(RECORD EXTRACTS)

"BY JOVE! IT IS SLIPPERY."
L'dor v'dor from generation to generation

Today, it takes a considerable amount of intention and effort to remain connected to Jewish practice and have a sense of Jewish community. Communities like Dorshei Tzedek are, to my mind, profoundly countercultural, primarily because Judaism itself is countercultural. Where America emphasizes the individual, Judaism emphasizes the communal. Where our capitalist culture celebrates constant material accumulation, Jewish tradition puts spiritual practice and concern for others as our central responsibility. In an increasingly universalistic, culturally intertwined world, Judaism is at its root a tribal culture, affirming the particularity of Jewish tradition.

(End RECORD EXTRACTS)
(RECORD EXTRACTS)

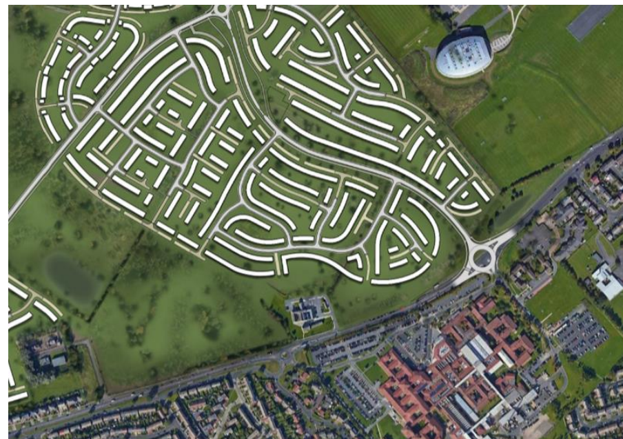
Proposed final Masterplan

(End RECORD EXTRACTS)
(RECORD EXTRACTS)

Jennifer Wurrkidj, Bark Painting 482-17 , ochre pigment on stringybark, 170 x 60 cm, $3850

(End RECORD EXTRACTS)

### WHAT THE TASK REQUIRES
Write out exactly the lines above from the line with "JOVE! IT IS" through the line with "Today, it takes", both of them included, and leave out all other lines.

### SOLUTION FOR THIS EXERCISE
"BY JOVE! IT IS SLIPPERY."
L'dor v'dor from generation to generation

Today, it takes a considerable amount of intention and effort to remain connected to Jewish practice and have a sense of Jewish community. Communities like Dorshei Tzedek are, to my mind, profoundly countercultural, primarily because Judaism itself is countercultural. Where America emphasizes the individual, Judaism emphasizes the communal. Where our capitalist culture celebrates constant material accumulation, Jewish tradition puts spiritual practice and concern for others as our central responsibility. In an increasingly universalistic, culturally intertwined world, Judaism is at its root a tribal culture, affirming the particularity of Jewish tradition.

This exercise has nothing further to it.